Are you aware that the photo is of an Australian soldier (known as Digger's) being assisted out of the jungle of Papua New Guinea by the local villages who beacame known by the Aussie's as the "fuzzy wuzzy angels".
http://www.ww2australia.gov.au/asfaras/angels.html

The track is known as the Kokoda and it is the same trail my friend Trish will be walking in October to raise money for breast cancer research.

I like that you share your feelings with such honesty and openness.

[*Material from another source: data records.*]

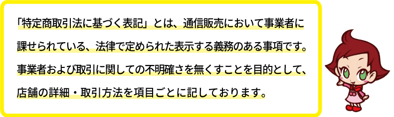 | 返品について | 商品(サービス)の性質上、受注販売の形式となりますのでお客様都合の返品はできません。 |
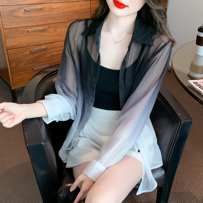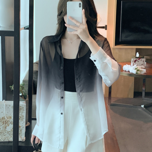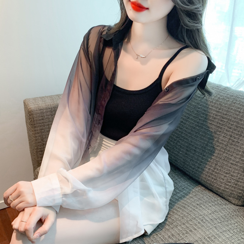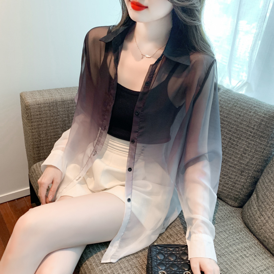 한국 스타일 느슨한 태양 보호 의류 여성 2023 여름 새로운 그라디언트 셔츠 안티 UV 가디건 얇은 코트 여성 탑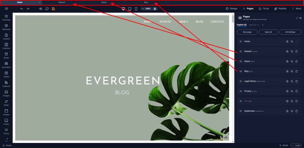Onder Pagina's vindt u alle subpagina's van een website. U kunt nieuwe subpagina's toevoegen, URL's en paginanamen bewerken, sitespecifieke meta-informatie toevoegen, een subpagina beveiligen met een wachtwoord en bepalen of een subpagina door zoekmachines moet worden vermeld. Elke subpagina wordt geopend als een tabblad boven de navigatie bovenaan.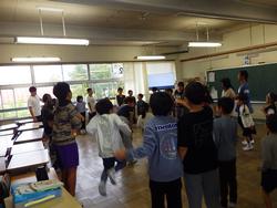 雨で、校庭での活動は校舎内に変更されましたが、上級生がしっかりと下級生の面倒を見ながら楽しんでいました。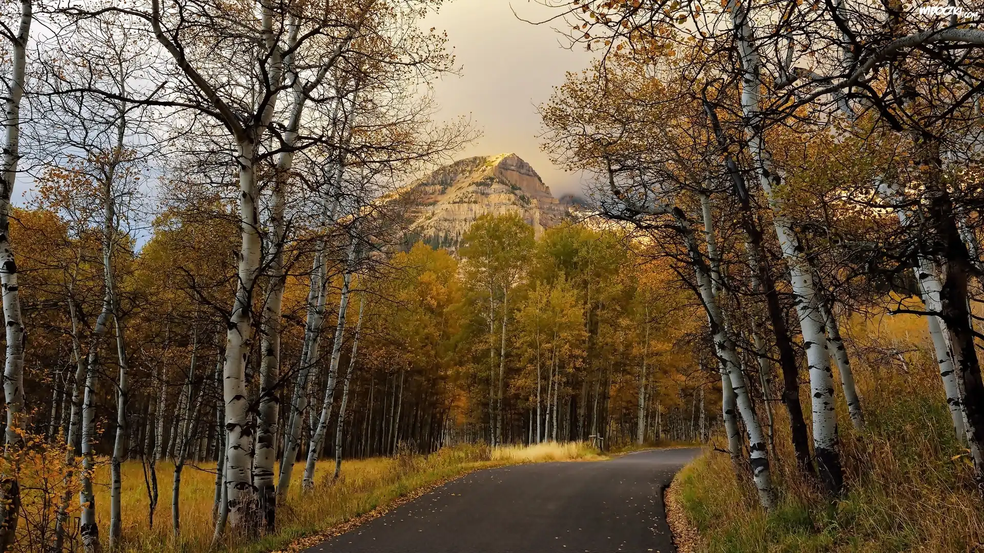Zdjęcia, Brzozy, Las, Droga, Góry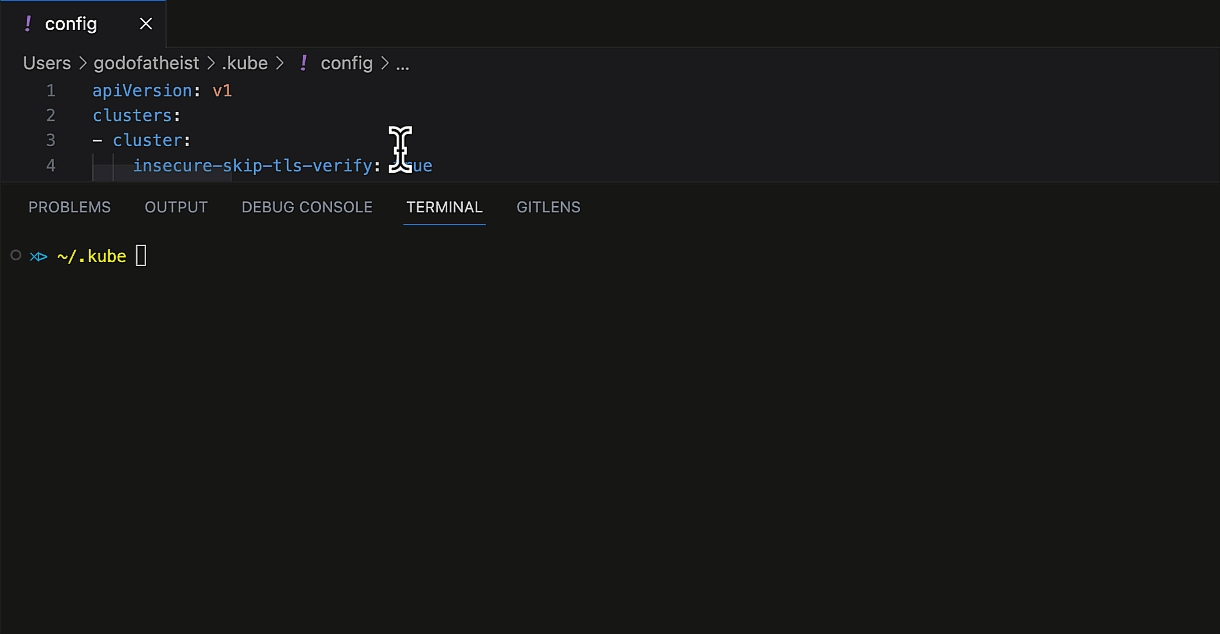 ~/.kubefolder on your local machine and open theconfigfile. Or you may create one with the following content: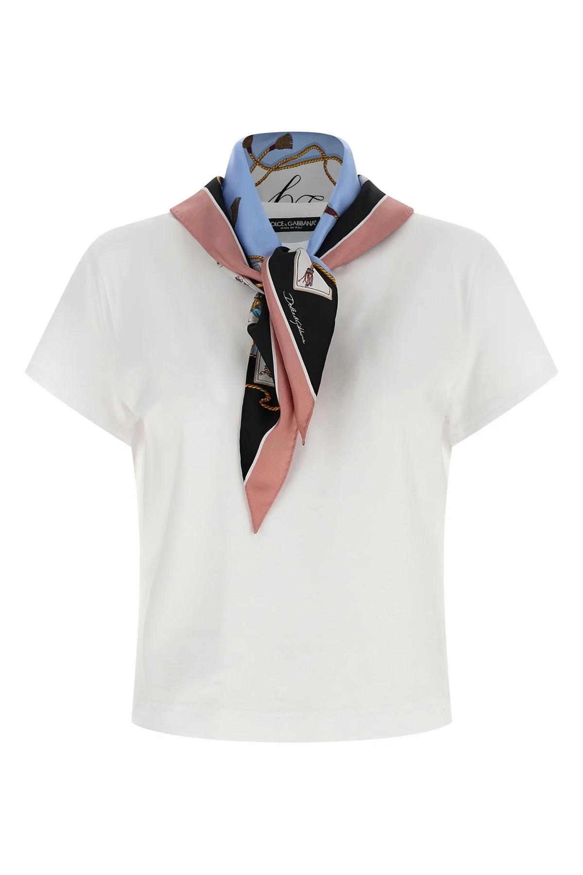 cod. F8W31ZGDDPEW0800 Cotton jersey T-shirt with tone-on-tone logo embroidery on the front, crew neck, short sleeves, patterned triangle silk scarf fixed on the neckline with buttons and removable. Color: White Size & Fit: true to size fit Composition: 62% cotton 30% silk 8% elastane Made in: Italy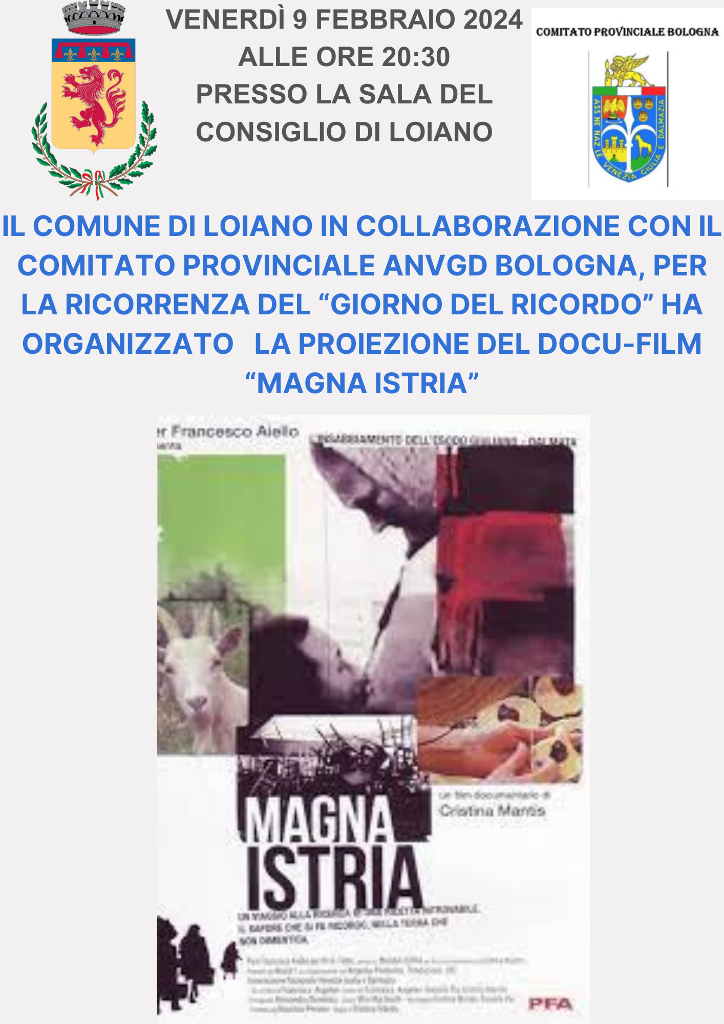 Il Comune di Loiano, in collaborazione con il Comitato provinciale ANVGD BOLOGNA, ha organizzato per venerdì 9 febbraio 2024, alle ore 20:30, presso la Sala del Consiglio del Municipio (Via Roma n.55), la proiezione del docu-film diretto da Cristina Mantis “Magna Istria”.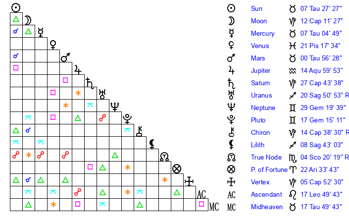 | Moon | 12 Capricorn 1 | 21 Taurus 28 | 18 Cancer 39 |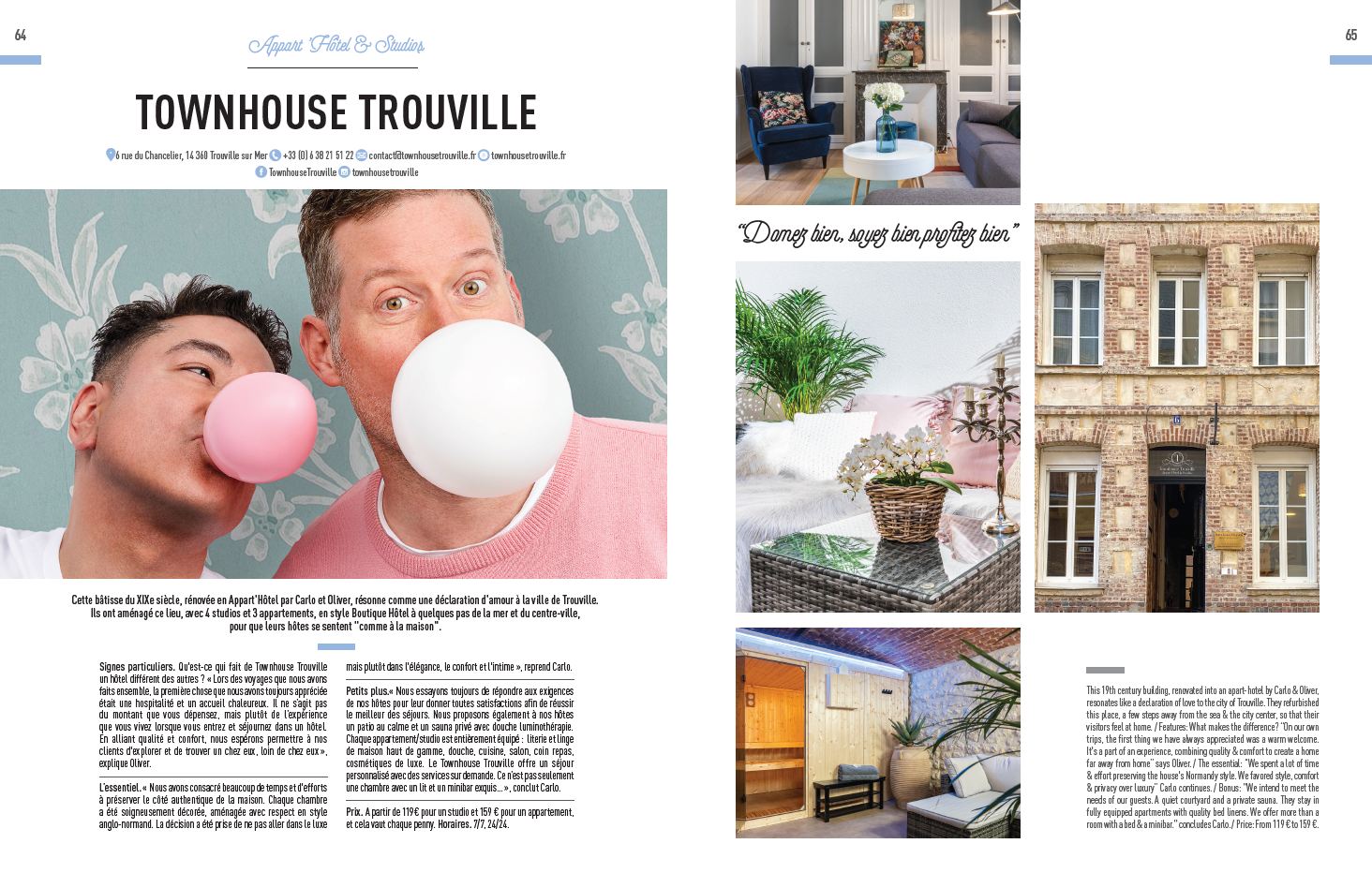 Nous imaginons un monde dans lequel les voyageurs n’ont plus à choisir entre liberté et service, entre authenticité et confort. Un monde où les petits hébergements indépendants sont la norme en matière d’accueil, de propreté et de solidarité. Un monde où chaque client repart non seulement satisfait, mais aussi transformé – emportant avec lui un morceau de Normandie (et de Townhouse Trouville) pour toujours.

Allowing yourself to be vulnerable is what I believe to be a true quality of a man.

I disagree about "lov[ing] my tribe!" I love some of them but not all of them as I am not comfortable being with people who cannot see passed their own nose's.

Unknown said...

hey steve- i'm honestly glad you could relate to the post. my sense of you has changed since the mugging and that is one reason i posted this really. i'm not trying to be too personal, i just really want to help you find as much grounding as possible. in other words- i feel you man!

marc- ptds is a huge problem. i didn't know you were a trophy wife though?

staggo- however long it took to make you who you are today, it was worth it. you are a sweetheart and consistently so- according to all the comments and posts you have so benevolently done in kindness to and for me. you protect yourself i'm sure, but beneath that you are gold.

and denys- i had no idea the photo was of an aussie, but it doesn't surprise me. you chaps are everywhere in my life. good on ya for the breast cancer walk. i am considering training for an aids ride next year for my 50th. wanna join me?
oh and i do plan on working on that last item with you a bit. loving people who are in pain is the only kind to do.

FireHorse said...

I'm not personally doing the walk Rod. A friend from school is. She and I think eleven other woman are walking the track. The track is the original trail that was cut through the jungle during the Kokoda campaign.

I thought you were referring to all gay men.

"loving people who are in pain is the only kind to do." I'll leave that to you then.